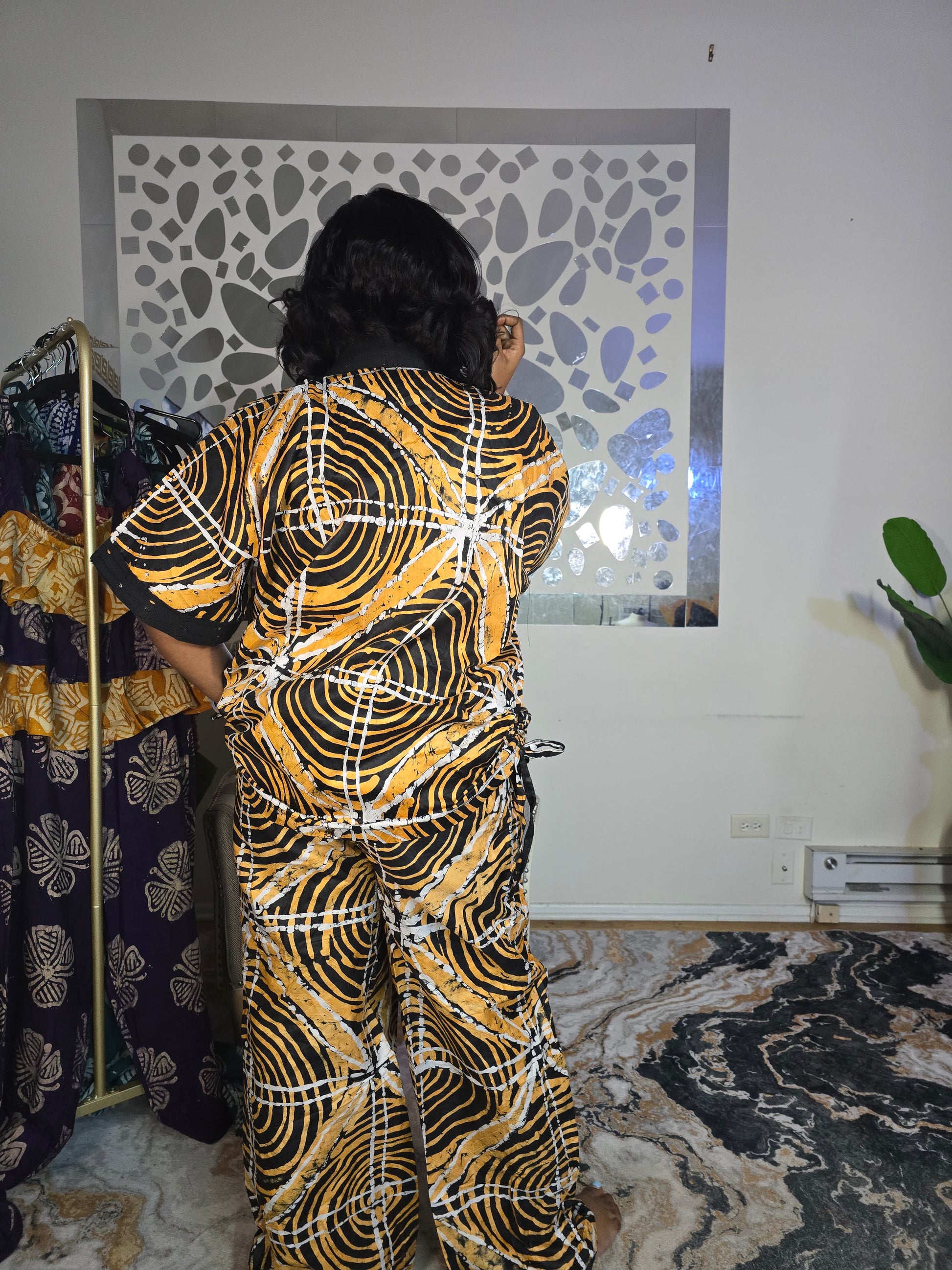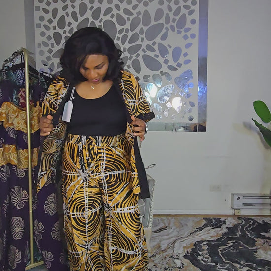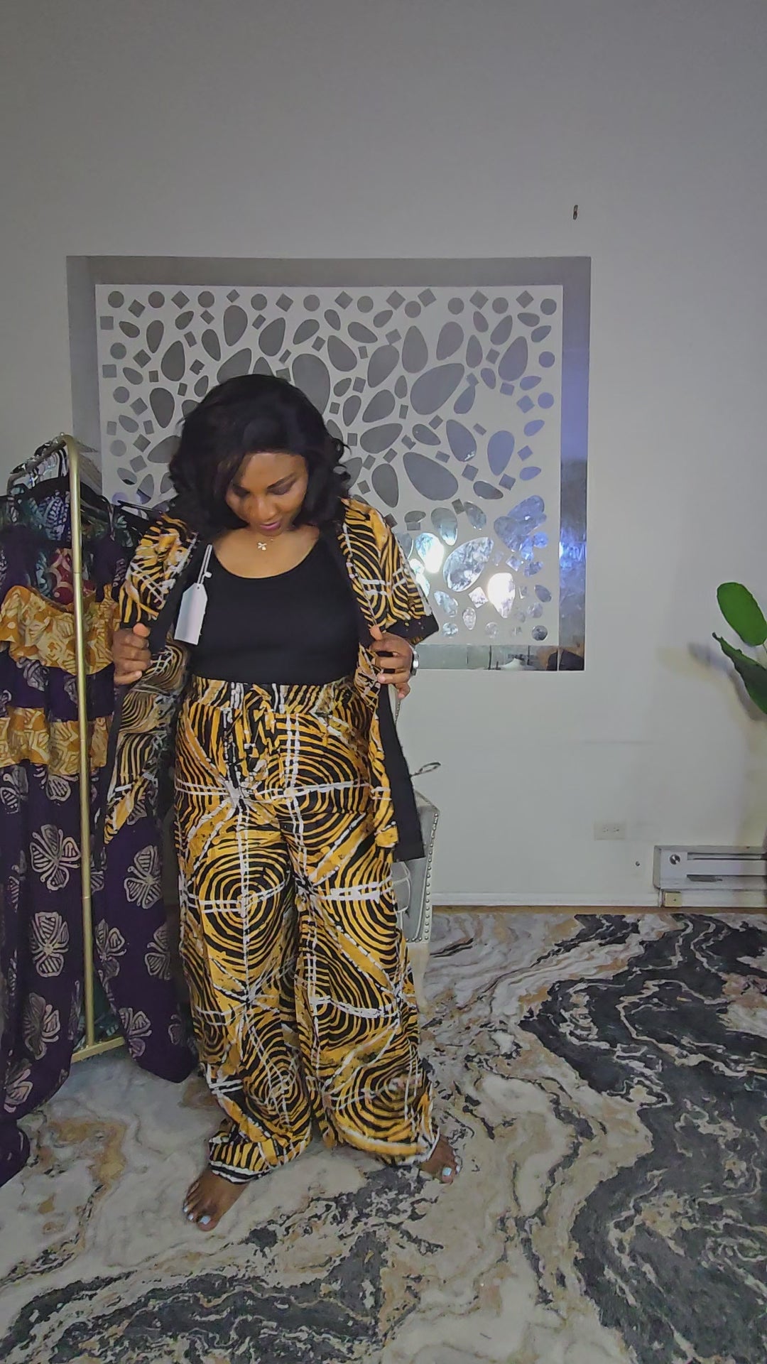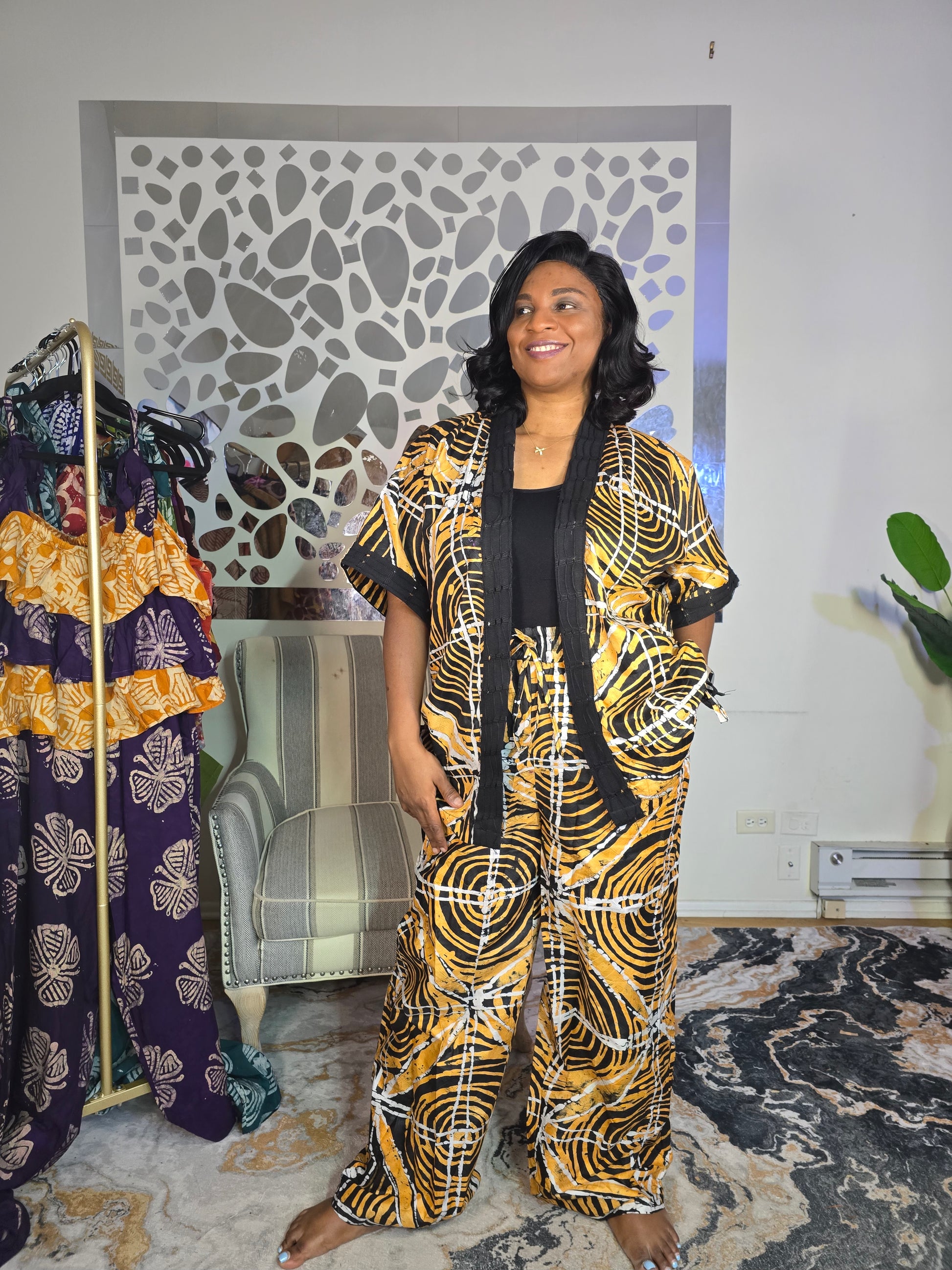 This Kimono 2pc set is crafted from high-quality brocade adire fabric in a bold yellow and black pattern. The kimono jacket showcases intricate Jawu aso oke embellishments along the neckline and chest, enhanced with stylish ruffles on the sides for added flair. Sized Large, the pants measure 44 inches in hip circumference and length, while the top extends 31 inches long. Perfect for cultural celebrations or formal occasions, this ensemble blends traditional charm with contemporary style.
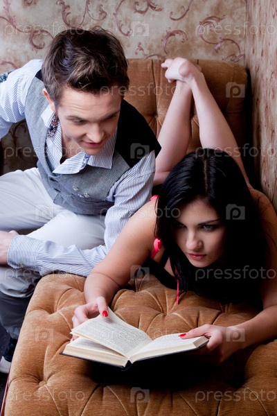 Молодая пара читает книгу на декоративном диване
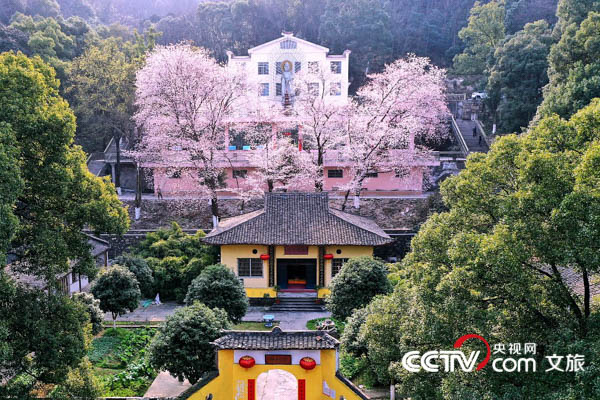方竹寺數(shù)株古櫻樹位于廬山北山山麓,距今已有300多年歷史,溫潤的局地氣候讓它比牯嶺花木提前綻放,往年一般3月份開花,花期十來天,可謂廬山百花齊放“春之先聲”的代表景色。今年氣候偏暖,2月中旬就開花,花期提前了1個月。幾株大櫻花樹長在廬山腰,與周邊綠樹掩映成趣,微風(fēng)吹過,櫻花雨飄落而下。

* [Goal of the exercise]
Could you reproduce exactly the lines running from the one with "Молодая пара читает" through the final line of the listing above, both included, and drop the pictures?

* [Written reply]
 Молодая пара читает книгу на декоративном диване
方竹寺數(shù)株古櫻樹位于廬山北山山麓,距今已有300多年歷史,溫潤的局地氣候讓它比牯嶺花木提前綻放,往年一般3月份開花,花期十來天,可謂廬山百花齊放“春之先聲”的代表景色。今年氣候偏暖,2月中旬就開花,花期提前了1個月。幾株大櫻花樹長在廬山腰,與周邊綠樹掩映成趣,微風(fēng)吹過,櫻花雨飄落而下。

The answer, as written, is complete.